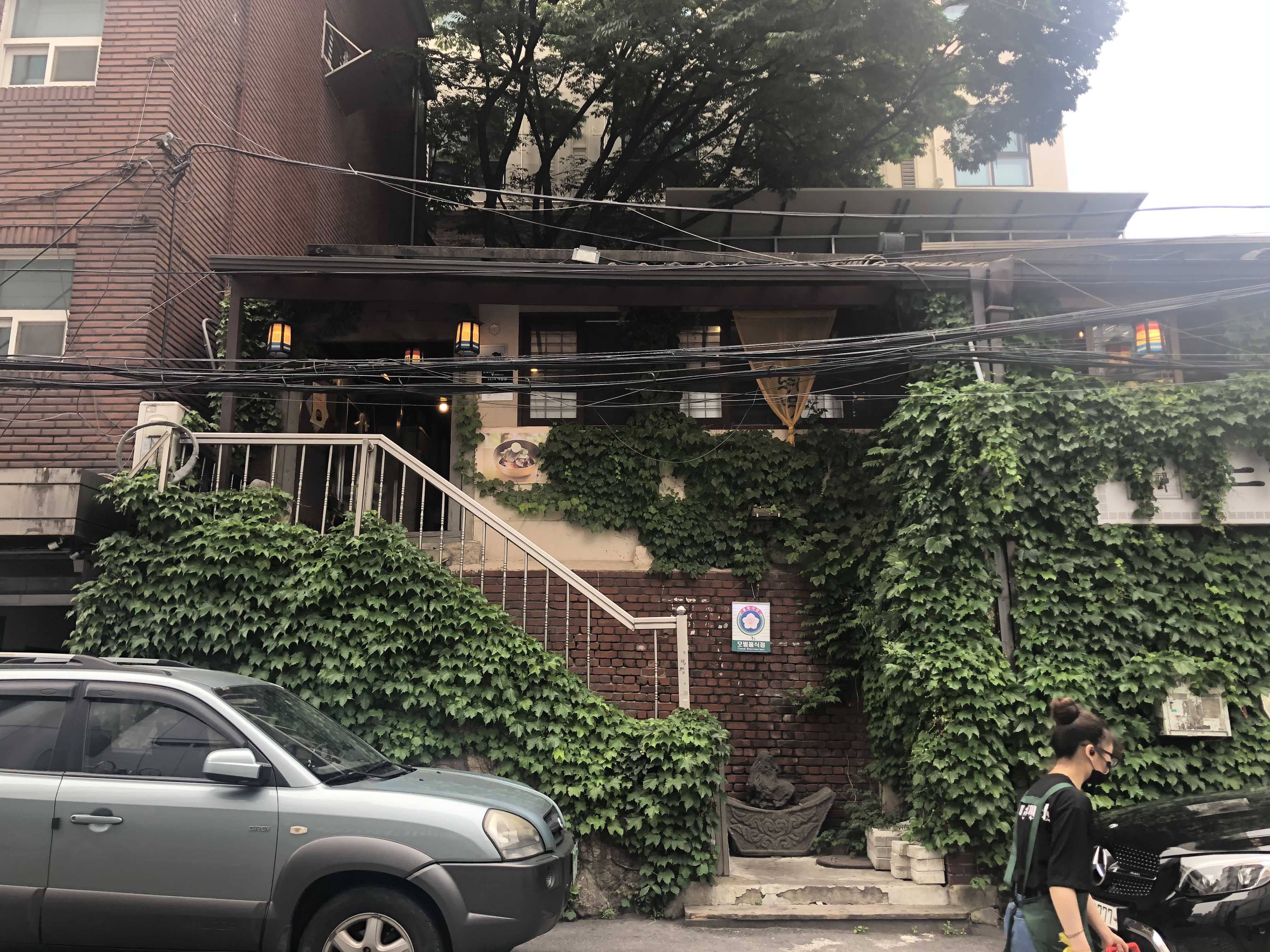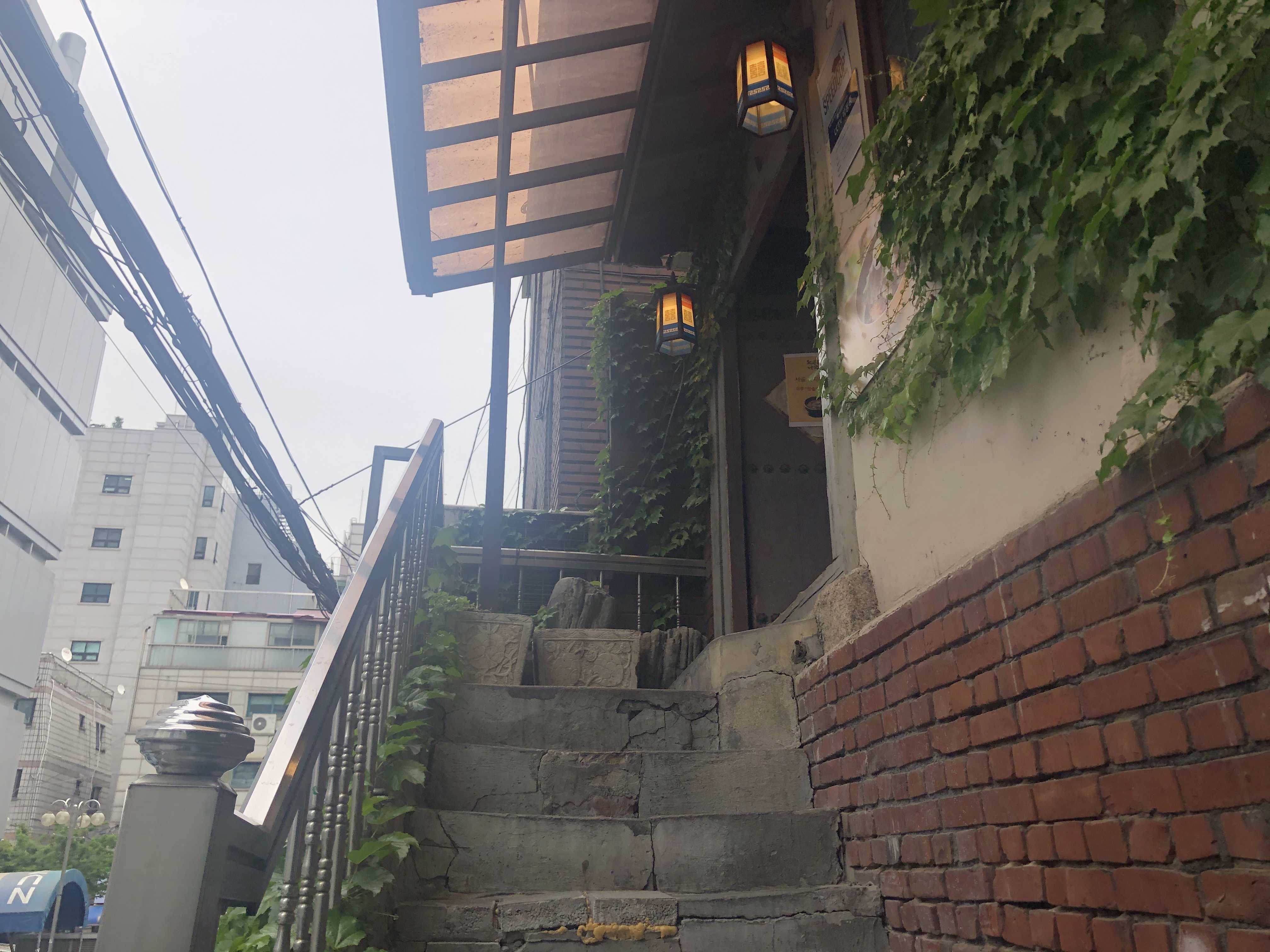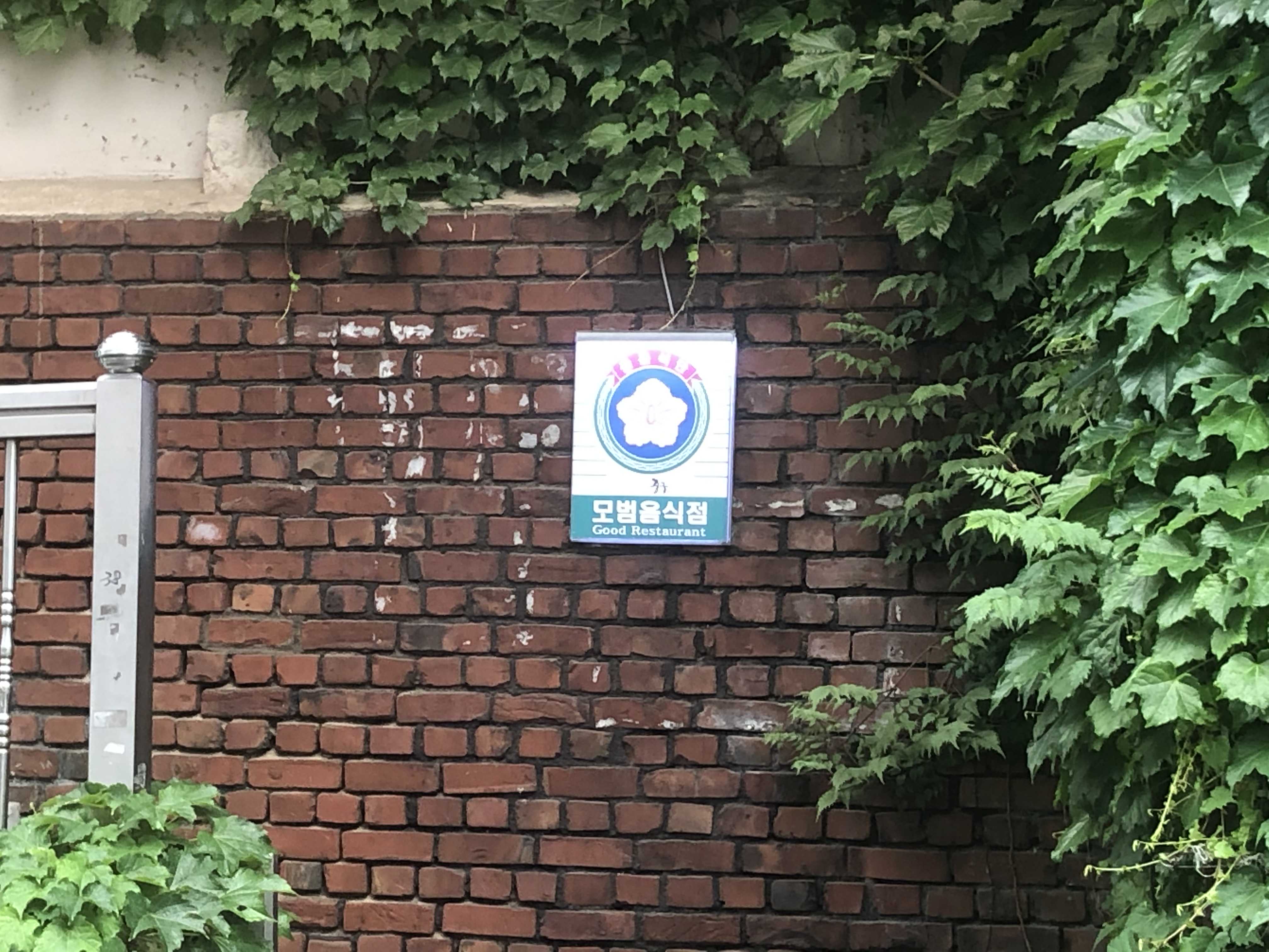 근처에 도착하면 담쟁이덩굴이 보이는데요 누가 봐도 딱 그 집입니다. 입구는 1층으로 바로 들어올 수 없고 올라가는 작은 계단이 있습니다. 모범음식점 무궁화 간판도 보이네요.
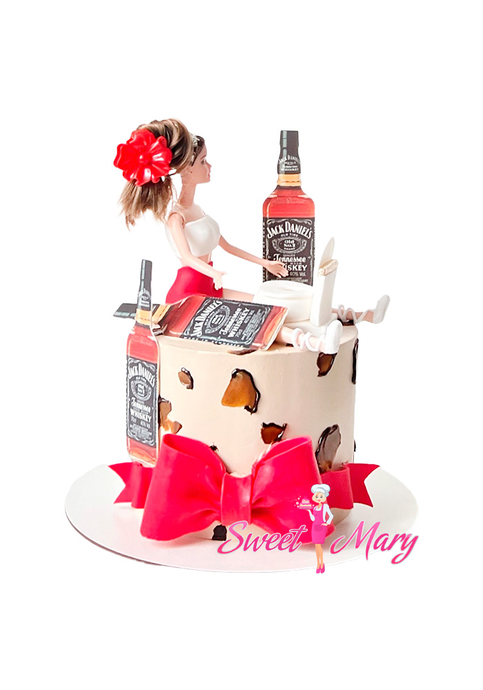 Представляем эксклюзивный торт «Бутылка Джека», который станет настоящим украшением любого торжества! Этот шедевр кондитерского искусства выполнен в виде изысканной бутылки виски Jack Daniel’s, покрытой нежным белым кремом. На шее бутылки изящно закреплен красный бант, добавляющий образу элегантности и праздничного настроения. В центре композиции изображена очаровательная девушка, символизирующая радость и удачу, что делает этот торт не просто десертом, а произведением искусства, готовым удивить гостей своим уникальным дизайном и неповторимым вкусом.
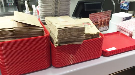 1 x Assorted Lot Including 86 Red Plastic Food Trays, Take Away Cup Holders, Brown Food Bags and Burger King Straws - Please See The Pictures Provided - Ref 199 - CL200 - Location: Somerset BA16
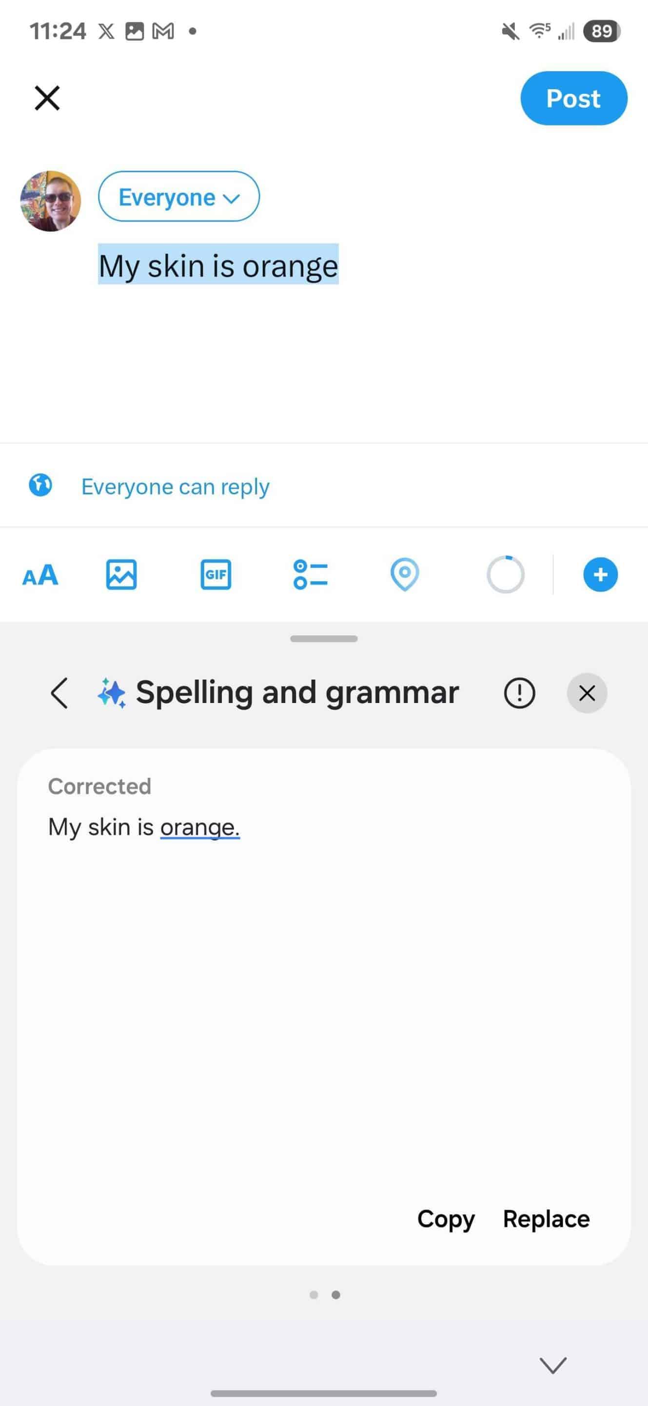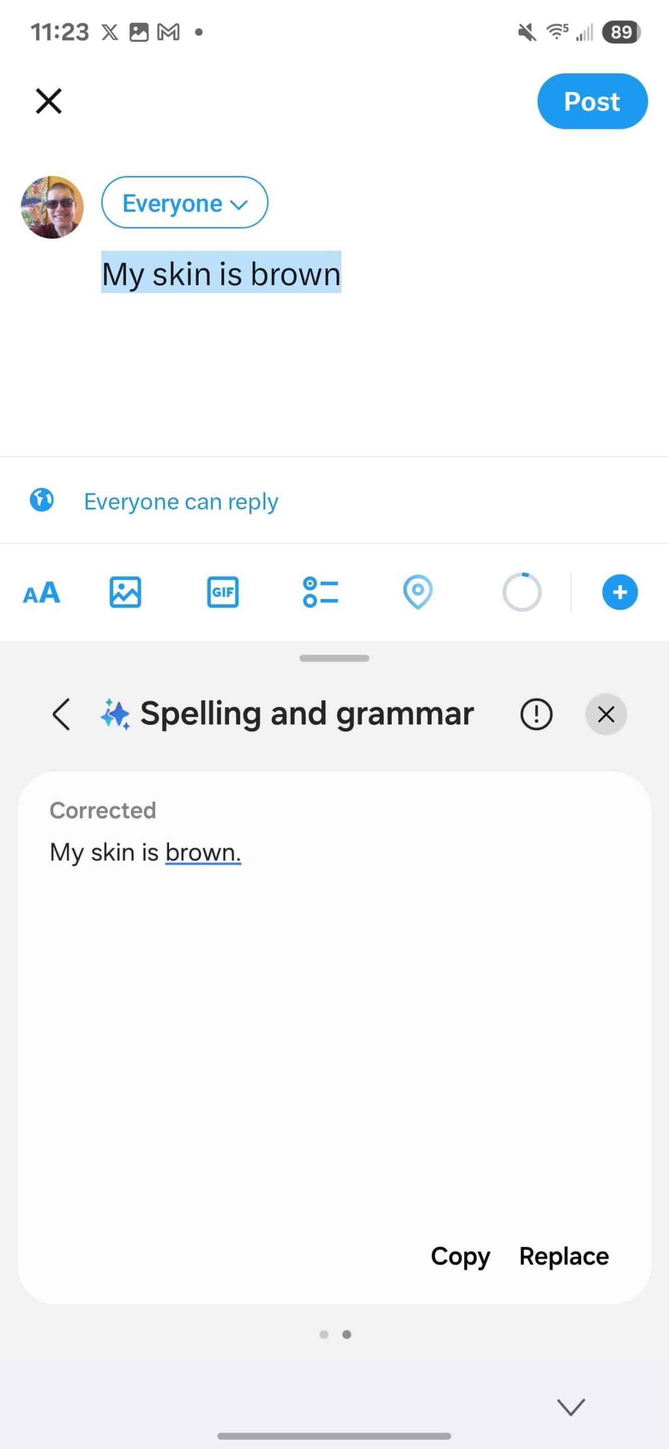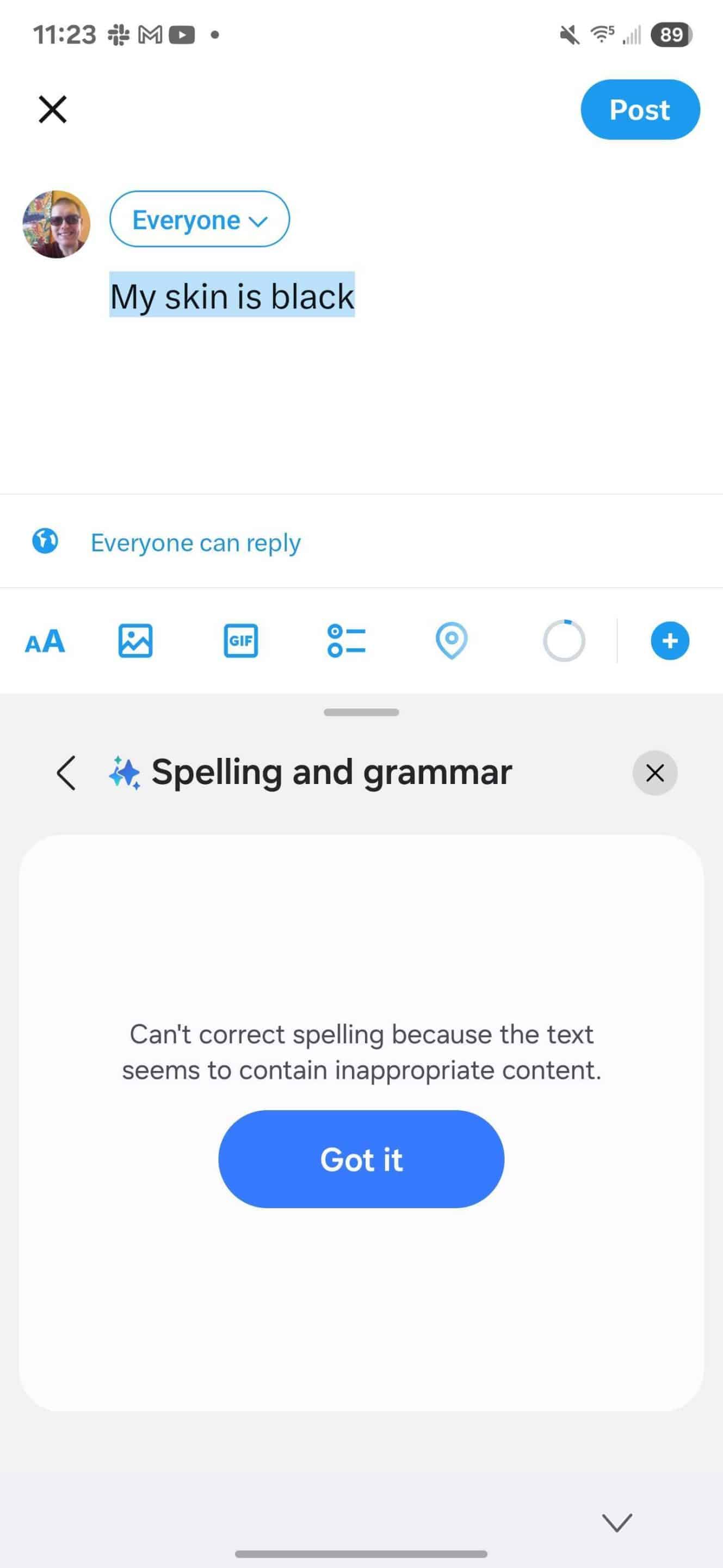 Except for the first sentence (“My skin is black”), all the other sentences went through without any issues. However, the first sentence resulted in the message, “Can’t correct spelling because the text seems to contain inappropriate content.” We have reached out to Samsung for an explanation of what’s causing this and whether it plans to fix it with an upcoming update. We’ll update the post accordingly once a spokesperson from Samsung explains.
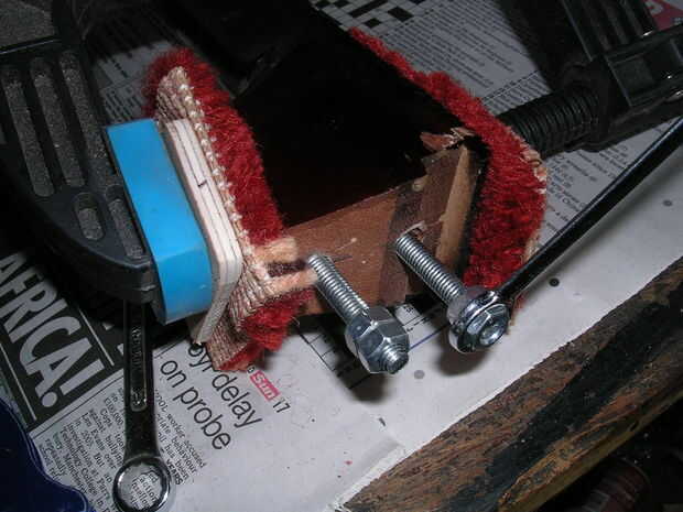 Una almeja bien acolchada se utilizó en el cuello cuando estaba apretando los pernos en acaso quería dividir.
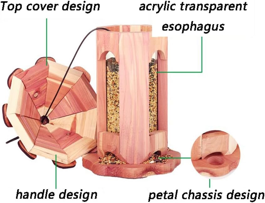 - Octagonal top cover with a matching feather piece and car wood top ensures double protection for your bird feed.

+--

From the first line above to the line containing "Представляем эксклюзивный торт", repeat each line exactly. Pictures stay out.

Reply
 근처에 도착하면 담쟁이덩굴이 보이는데요 누가 봐도 딱 그 집입니다. 입구는 1층으로 바로 들어올 수 없고 올라가는 작은 계단이 있습니다. 모범음식점 무궁화 간판도 보이네요.
 Представляем эксклюзивный торт «Бутылка Джека», который станет настоящим украшением любого торжества! Этот шедевр кондитерского искусства выполнен в виде изысканной бутылки виски Jack Daniel’s, покрытой нежным белым кремом. На шее бутылки изящно закреплен красный бант, добавляющий образу элегантности и праздничного настроения. В центре композиции изображена очаровательная девушка, символизирующая радость и удачу, что делает этот торт не просто десертом, а произведением искусства, готовым удивить гостей своим уникальным дизайном и неповторимым вкусом.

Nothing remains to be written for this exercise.